By Robert X. Cringely

I was raised in the typewriter age. My first typewriter actually belonged to my brother. It was a green portable Smith-Corona. Eventually, I got my own portable -- an Olivetti -- then an Underwood desktop, and finally my favorite, an Olympia portable that earned me a living all over the world. That Olympia was once rebuilt for me at a shop in Iceland where they used whale oil to lubricate the mechanism. These were all mechanical typewriters, you see, not electrics.

There was something satisfying about pounding away on an old typewriter, getting so far into the moment that the guy in the next room would sometimes pound on the wall asking me to keep it down. None of that dainty,acrylic-nailed key pressing you see today, that is if you can even find a typewriter in most offices. Yet typewriters are still sold. But have you ever looked inside one? There is almost nothing in there. Gone are the levers and fulcrums and bearings and the substantial frame that once kept typewriters from shaking apart and made them a pretty fair murder weapon in the occasional detective story. Instead, the typewriters of today have a couple integrated circuits, a power supply, one or two stepper motors, a ribbon cable, a daisy print wheel, and a whole lot of air. And a couple of years from now, your computer display might be even more empty, transformed similarly as the age of the cathode ray tube display comes to an end.

Flat panel LCDs are the rage today, but that's not what I am talking about. I am talking about yet another type of display that promises to have a big impact on computers, televisions, and just about anywhere else you can imagine watching a moving picture -- even at the movies. These displays are based on MEMS -- Micro Electrical Mechanical Systems -- tiny machines. They may well reprsent the first big success for the emerging nanotechnology industry.

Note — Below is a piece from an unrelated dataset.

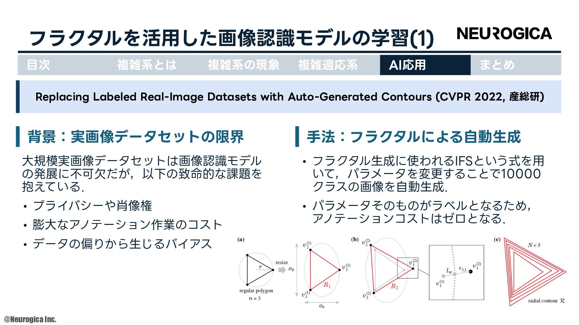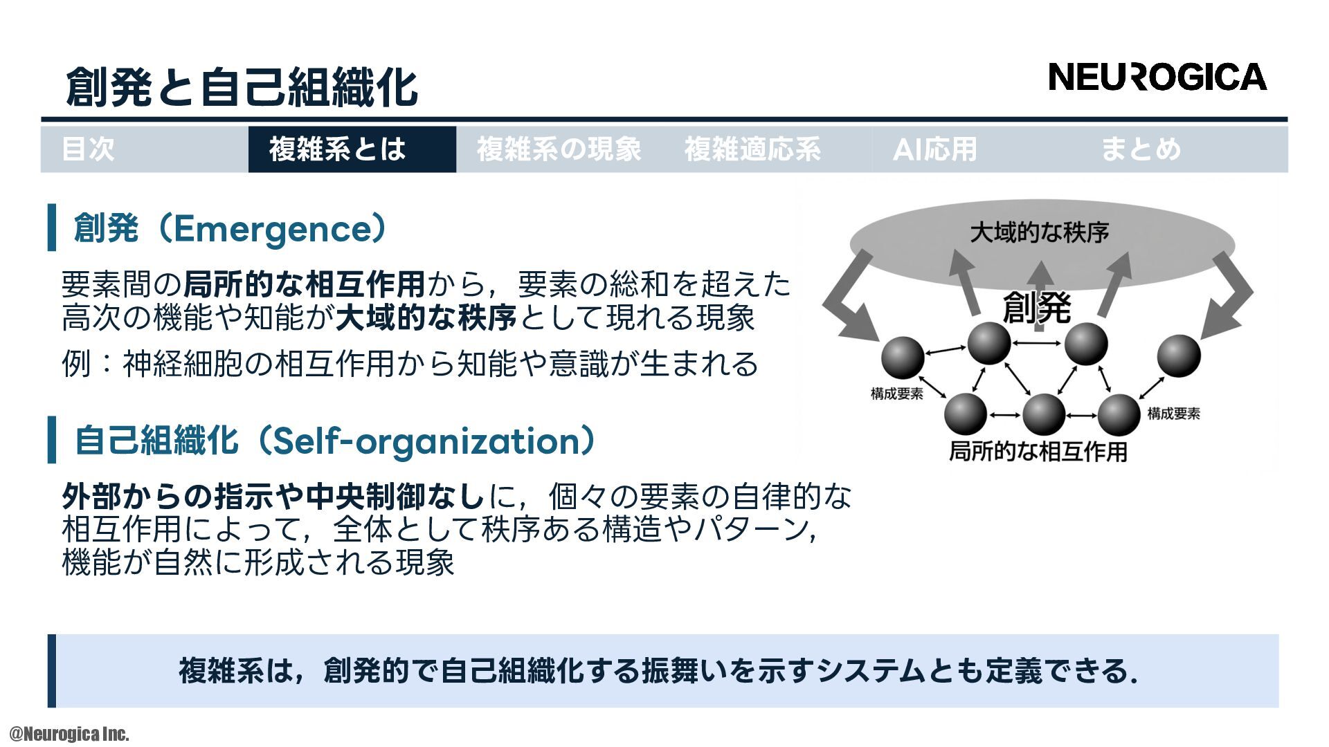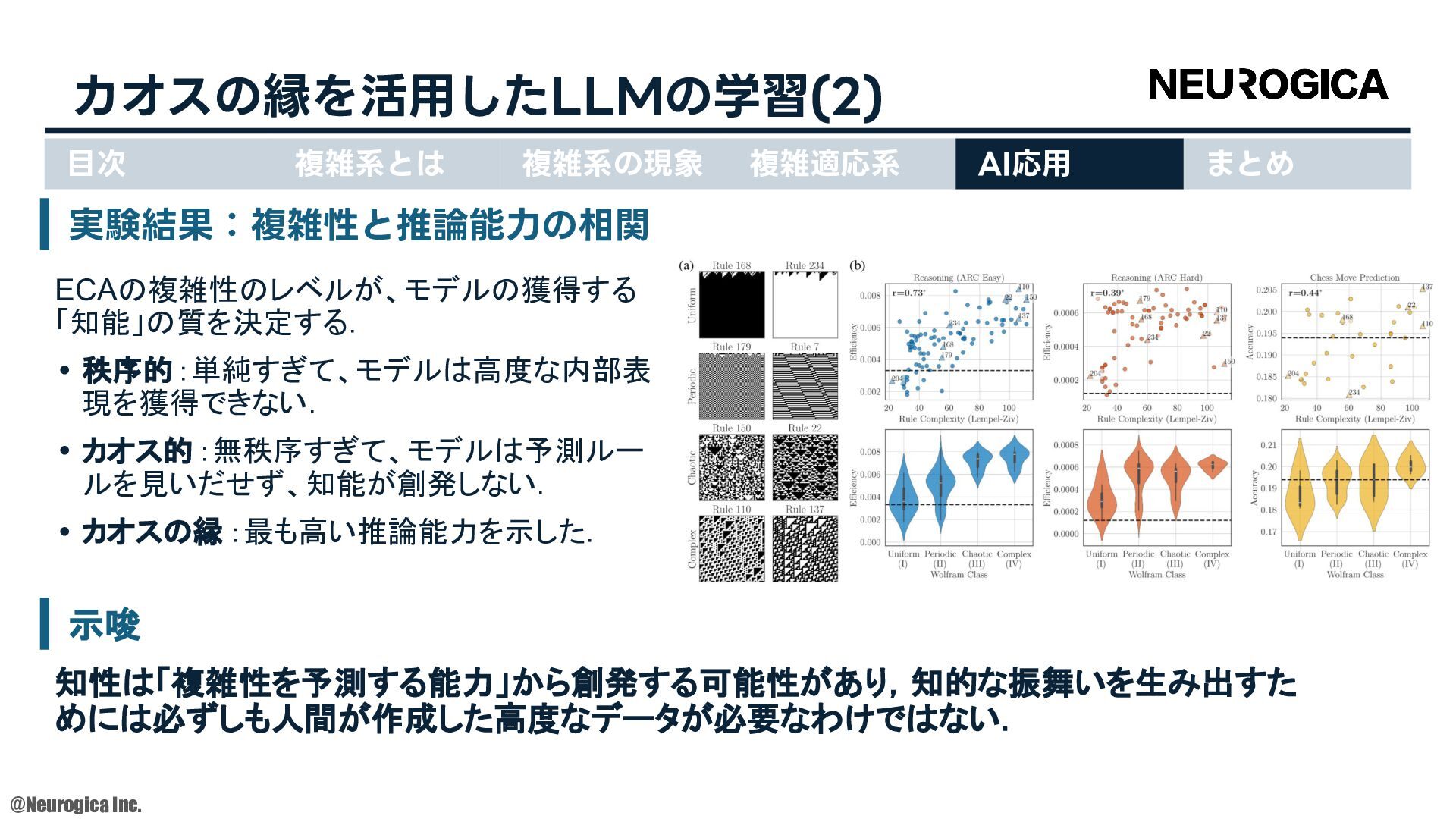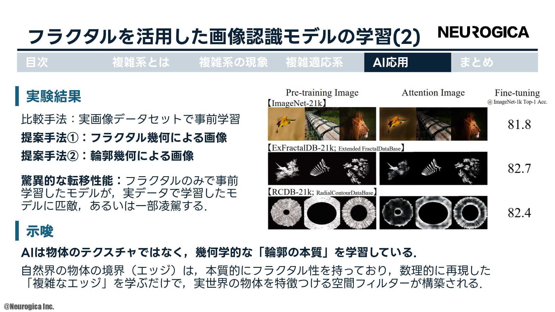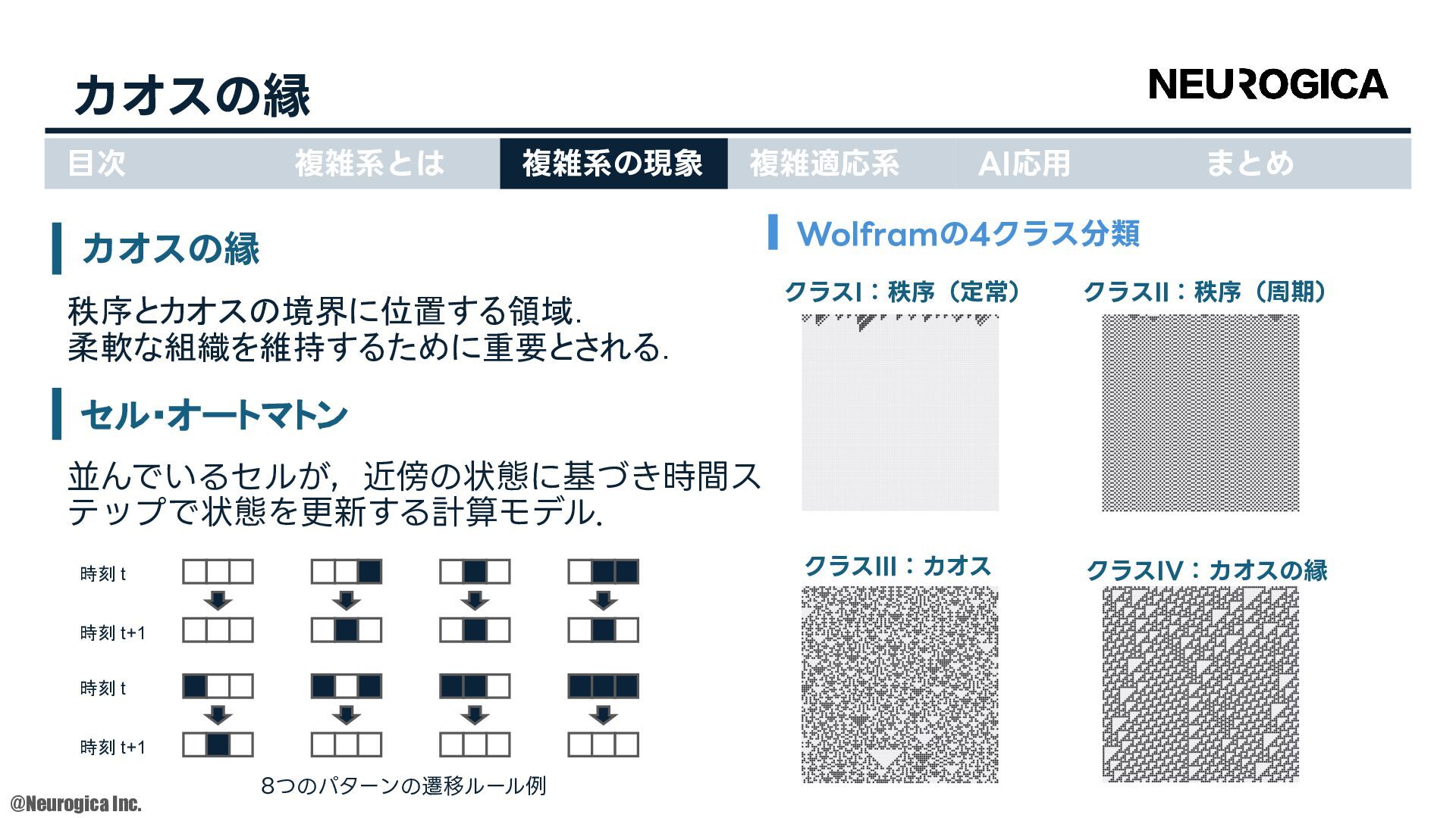 1998. • S Zhang, et al., “Replacing labeled real-image datasets with auto-generated contours,” in Proceedings of the IEEE/CVF Conference on Computer Vision and Pattern Recognition, 2022. https://hirokatsukataoka16.github.io/Replacing-Labeled-Real-Image-Datasets/ • Shiyang Zhang, et al., “Intelligence at the Edge of Chaos,” in Proceedings of the International Conference on Learning Representations, 2025. https://arxiv.org/abs/2410.02536 ⽬次 複雑系とは 複雑系の現象 複雑適応系 AI応⽤ まとめ

But why not a flat panel LCD? Flat panels are, well, flat, which gives them a wonderful advantage. And they've gotten cheaper, too, and better at the same time, just as any product would that is based on chip-making technology. But there are real limits on how good, how big, and how cheap an LCD display can become. Chips get cheaper because they get smaller, but a 15-inch LCD display will always have to have a diagonal measurement of 15 inches, so it can't get smaller at all. Yields can improve, volumes can increase bring with them greater economies of scale, but Moore's Law only works part-time for LCDs, which, for all their flatness, will always be dimmer, too.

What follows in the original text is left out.